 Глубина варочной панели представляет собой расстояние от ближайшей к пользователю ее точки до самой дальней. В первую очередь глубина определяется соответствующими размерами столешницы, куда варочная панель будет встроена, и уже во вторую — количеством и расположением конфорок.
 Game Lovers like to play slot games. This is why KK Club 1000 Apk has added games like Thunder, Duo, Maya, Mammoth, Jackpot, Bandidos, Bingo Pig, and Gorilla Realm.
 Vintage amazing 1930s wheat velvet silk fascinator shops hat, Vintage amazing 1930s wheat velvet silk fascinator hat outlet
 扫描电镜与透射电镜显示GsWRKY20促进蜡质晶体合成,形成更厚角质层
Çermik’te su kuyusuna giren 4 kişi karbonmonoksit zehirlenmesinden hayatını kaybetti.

* * *

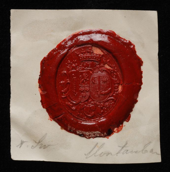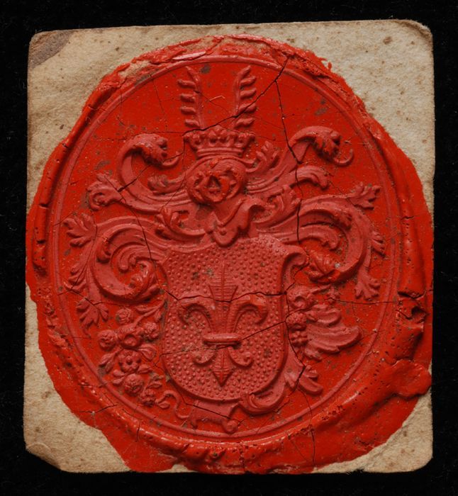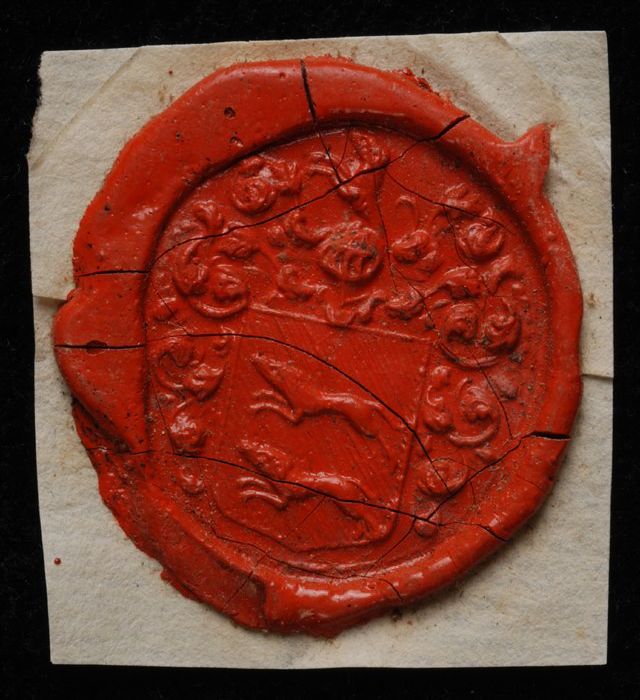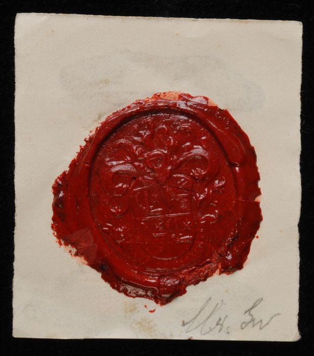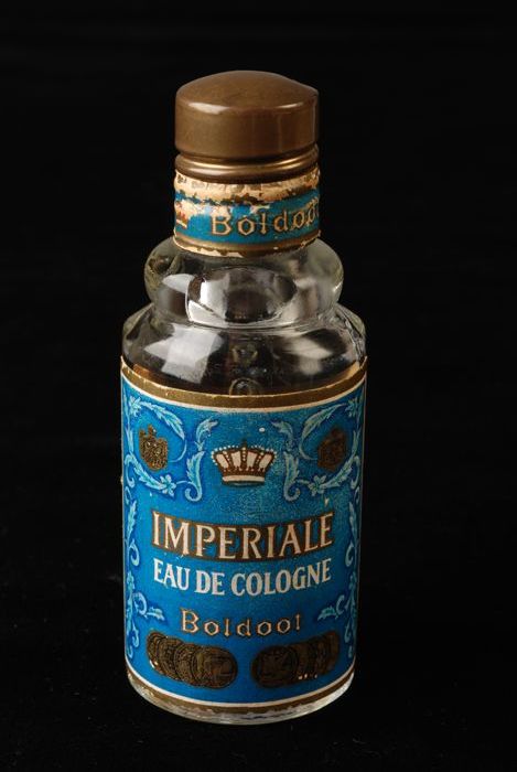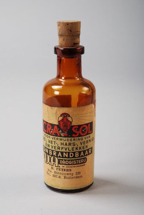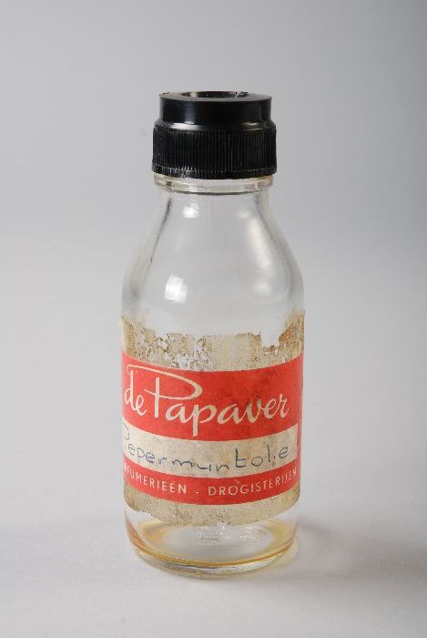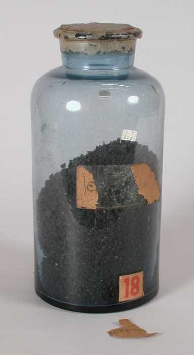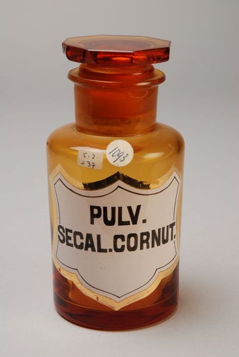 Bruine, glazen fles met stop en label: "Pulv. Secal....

...

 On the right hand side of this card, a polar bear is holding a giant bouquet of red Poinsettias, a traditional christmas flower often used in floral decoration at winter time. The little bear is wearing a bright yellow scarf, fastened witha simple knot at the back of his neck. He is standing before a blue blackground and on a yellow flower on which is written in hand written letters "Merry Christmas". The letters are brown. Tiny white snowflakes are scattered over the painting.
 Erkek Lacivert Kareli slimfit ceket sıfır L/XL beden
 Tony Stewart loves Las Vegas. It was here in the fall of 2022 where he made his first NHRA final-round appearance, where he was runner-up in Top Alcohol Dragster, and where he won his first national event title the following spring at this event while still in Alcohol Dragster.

▸ Directions: Once you find the line with "On the right" above, print it and every line after it up to and including the line with "Tony Stewart loves", exactly as written and nothing else.

▸ Exercise response:
 On the right hand side of this card, a polar bear is holding a giant bouquet of red Poinsettias, a traditional christmas flower often used in floral decoration at winter time. The little bear is wearing a bright yellow scarf, fastened witha simple knot at the back of his neck. He is standing before a blue blackground and on a yellow flower on which is written in hand written letters "Merry Christmas". The letters are brown. Tiny white snowflakes are scattered over the painting.
 Erkek Lacivert Kareli slimfit ceket sıfır L/XL beden
 Tony Stewart loves Las Vegas. It was here in the fall of 2022 where he made his first NHRA final-round appearance, where he was runner-up in Top Alcohol Dragster, and where he won his first national event title the following spring at this event while still in Alcohol Dragster.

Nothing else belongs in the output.